» EXTRACTED INFORMATION
Content starts

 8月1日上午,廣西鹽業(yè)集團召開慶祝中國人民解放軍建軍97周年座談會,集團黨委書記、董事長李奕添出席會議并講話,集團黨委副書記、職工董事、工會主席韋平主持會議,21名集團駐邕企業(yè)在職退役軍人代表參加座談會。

Content ends
Content starts

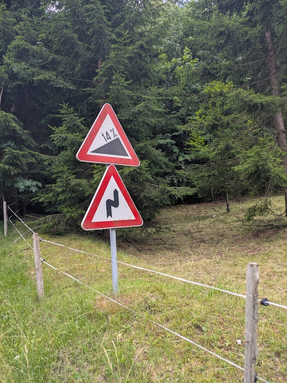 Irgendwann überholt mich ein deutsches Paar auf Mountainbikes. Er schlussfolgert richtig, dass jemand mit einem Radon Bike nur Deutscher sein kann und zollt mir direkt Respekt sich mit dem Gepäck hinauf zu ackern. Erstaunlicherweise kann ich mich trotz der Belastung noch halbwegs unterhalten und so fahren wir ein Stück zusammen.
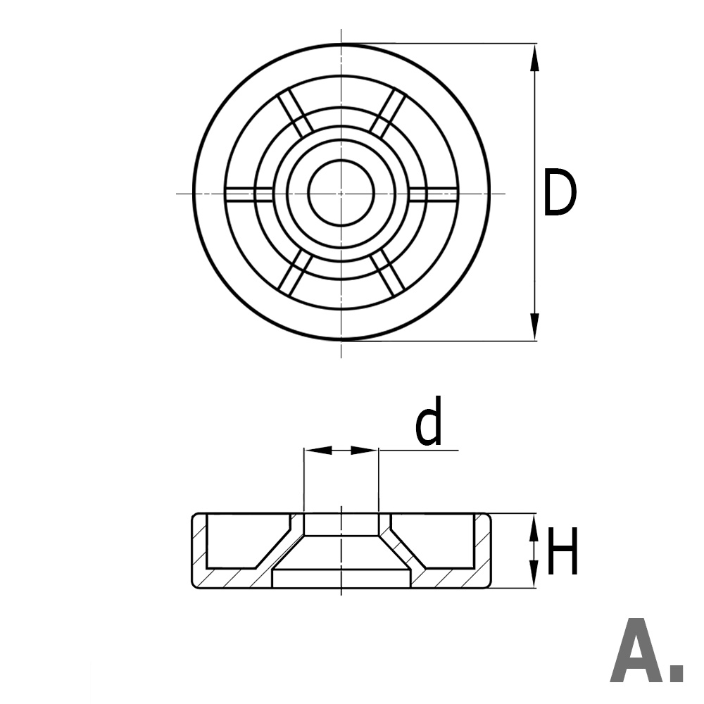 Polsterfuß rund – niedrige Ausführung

Content ends

Among the entries above, copy exactly the stretch from the line holding "Irgendwann überholt mich" through the line holding "Polsterfuß rund – niedrige Ausführung", leaving out any pictures.

 Irgendwann überholt mich ein deutsches Paar auf Mountainbikes. Er schlussfolgert richtig, dass jemand mit einem Radon Bike nur Deutscher sein kann und zollt mir direkt Respekt sich mit dem Gepäck hinauf zu ackern. Erstaunlicherweise kann ich mich trotz der Belastung noch halbwegs unterhalten und so fahren wir ein Stück zusammen.
 Polsterfuß rund – niedrige Ausführung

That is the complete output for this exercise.